In a stand-alone database, it is easy to implement a transaction processing system that meets ACID characteristics, but in a distributed database, the data is scattered on different machines, so how to implement distributed transaction processing of the data is very challenging.
Distributed things refer to the fact that the participants of the things, the server supporting the things, the resource server and the thing manager are located on different nodes of the distributed system. Usually, a distributed thing involves the operation of multiple data sources or business systems.

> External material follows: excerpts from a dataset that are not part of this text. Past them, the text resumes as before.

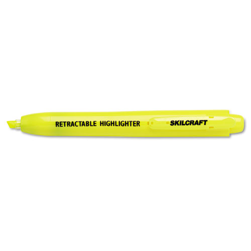 7520015548210 Skilcraft Retractable Highlighter, Yellow Ink, Chisel Tip, Yellow Barrel, Dozen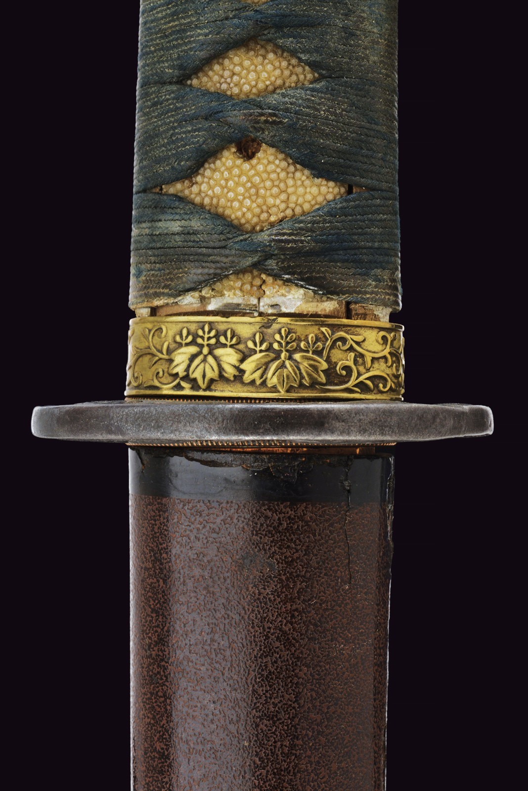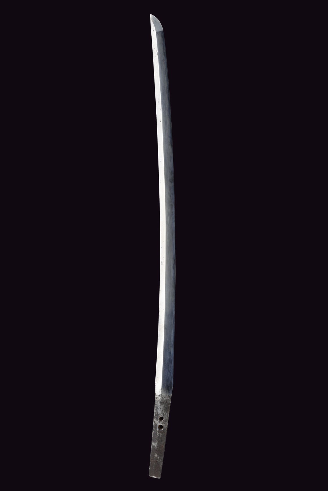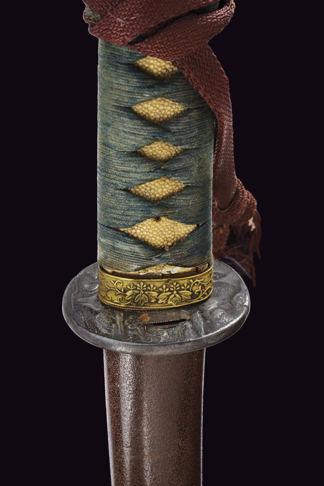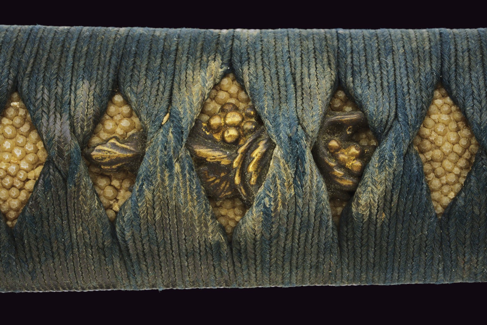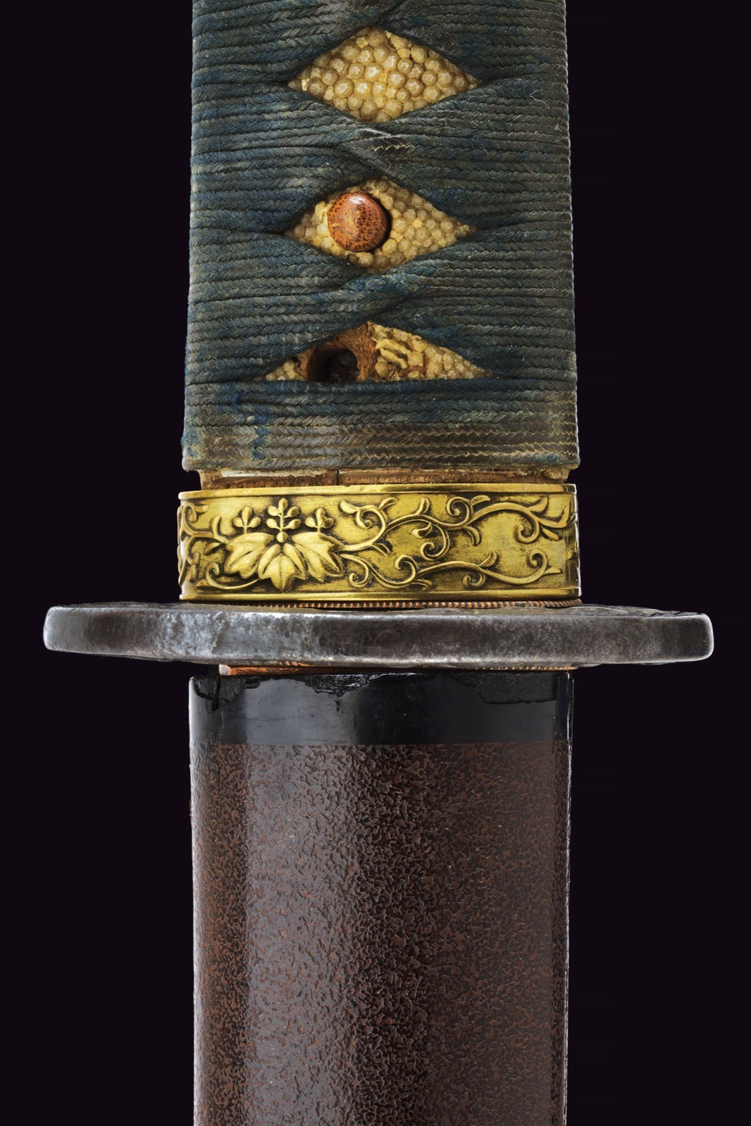 Shinogi-zukuri blade, Iori-mune (Nagasa 57.4 cm) with hamon and hada that cannot be identified. Some Kizu and pitting. Nakago with two Mekugi-ana. Traces of Mei. Copper-coloured metal Habaki. Composite Koshirae, partly nineteenth-century and probably with later elements (twentieth century). Maru Gata Tsuba made of iron with sea landscape in relief, possibly slight traces of Mei inside. Fuchi-kashira in copper-coloured irogane with leaves and Mon in relief. Tsuka-ito in green fabric with signs of use and time. Tsuka with Samè made of stingray leather. Bronze-coloured Menuki worked with flowers. Saya made of lacquer with a rusty effect.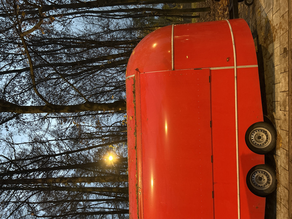 - "The image displays a bright red, rounded mobile vendor trailer parked on a paved surface in a wooded area within the city of Kolomna, Russia" by FM-kJsX23, licensed under CC BY 4.0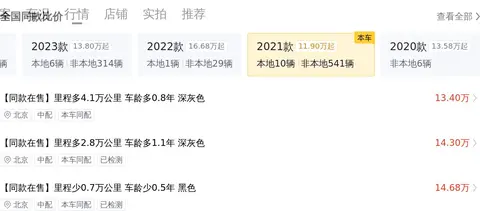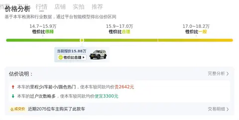 接下来,我们看看这辆车的市场行情如何。根据大数据统计,同款车型的二手车价格大致在14.65万至18.02万之间。需要注意的是,具体价格受到车辆状况等因素的影响,而本车15.88万的报价则处于合理区间之内。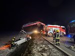 Der am Heck erfasste PKW wurde dabei über eine Böschung geschleudert und auch der Pritschenwagen geriet mit weggerissenem linken Vorderrad über eine Böschung in die angrenzende Wiese. Beide Lenker zogen sich beim Zusammenstoß Verletzungen unbestimmten Grades zu und wurden von Rettungskräften des Roten Kreuzes ins Krankenhaus gebracht. Eine Rettung mit dem hydraulischen Rettungsgerät der Feuerwehr war - entgegen ersten Meldungen - glücklicherweise nicht erforderlich.

Can assume one of the most typical distributed scene: a call across the bank transfer operation involves two different banking services, one of which is a local Banks with the withdrawal of services, the other one is the target of Banks to offer deposit service, the two service itself is stateless and independent of each other, together constitute a complete distributed objects.
If a withdrawal from a local bank is successful, but the deposit service fails for some reason, it must be rolled back to the state before the withdrawal, or the user may find that their money is missing.
As can be seen from this example, a distributed transaction can be regarded as composed of multiple distributed operation sequences, such as the withdrawal service and deposit service in the above example. This series of distributed operation sequences can usually be called sub-things.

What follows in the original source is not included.